On May 21, 2021, it was announced that Shameless star Jeremy Allen White would be starring in the pilot for The Bear in the leading role, alongside co-stars Ebon Moss-Bachrach, Ayo Edebiri, Lionel Boyce, Abby Elliott and Matheson. In October 2021, Liza Colón-Zayas was announced to be joining the main cast, with Matheson and Edwin Lee Gibson starring in a recurring capacity. The season features many guest stars, including Oliver Platt, Joel McHale and Jon Bernthal. Joanna Calo told The Hollywood Reporter after the launch of season one, "We were looking for surprising people, the most exciting people, and people with kindness at their center as a way to ground some of the sharper edges of the show.
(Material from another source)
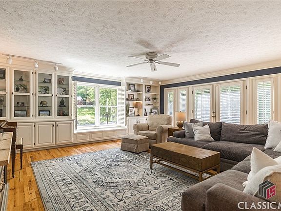 As you step inside, you'll notice the newly installed LVP flooring and hardwoods throughout the home, replacing all carpet. The home features a formal living room and dining room with built-in cabinets, perfect for displaying your favorite items. The rear of the home offers a bright and airy eat-in kitchen and den space, complete with sun soaked windows overlooking the backyard. The kitchen has updated cabinetry and granite countertops, while a large laundry/storage room is conveniently located off the kitchen.

And Lionel [Boyce] and Ayo [Edebiri] were people Chris had worked with in different ways. And Ebon [Moss-Bachrach] was someone that we both really admired and kind of just found through the casting process. All the people that we cast were willing to read, which was a really interesting process to navigate. And that wasn't even about them, showing us how good they were, we knew how good they were. But it was a way for us to meet them and talk to them and see if they wanted to work with us and see if they kind of could have a shared energy."

=== Writing ===
Storer wrote four of the eight episodes, and co-showrunner Joanna Calo wrote two. The rest of the episodes were written by Sofya Levitsky-Weitz, Karen Joseph Adcock, Catherine Schetina and Rene Gube. The scripts for all the episodes in the season were submitted to the Writers Guild of America on May 6, 2022.

According to Calo, "One of the things that changed greatly ended up not being put into the final pilot. We wrote a big explosion for Jeremy [Allen White], getting at this thing that happens in kitchens, which is that the hot temperatures and the close quarters and the abusive cycles often lead chefs to yell at each other. There was this big moment for Jeremy to freak out at everyone. If you've seen the series, there are moments like that later on. When we made the pilot, we decided that we were able to draw that out for longer, but I do think that it showed FX what Jeremy could do and what the show could be. And that was something exciting to them. And also Sydney [Adamu] was supposed to appear first in episode three. And I loved her and I said, 'let's get her in.'"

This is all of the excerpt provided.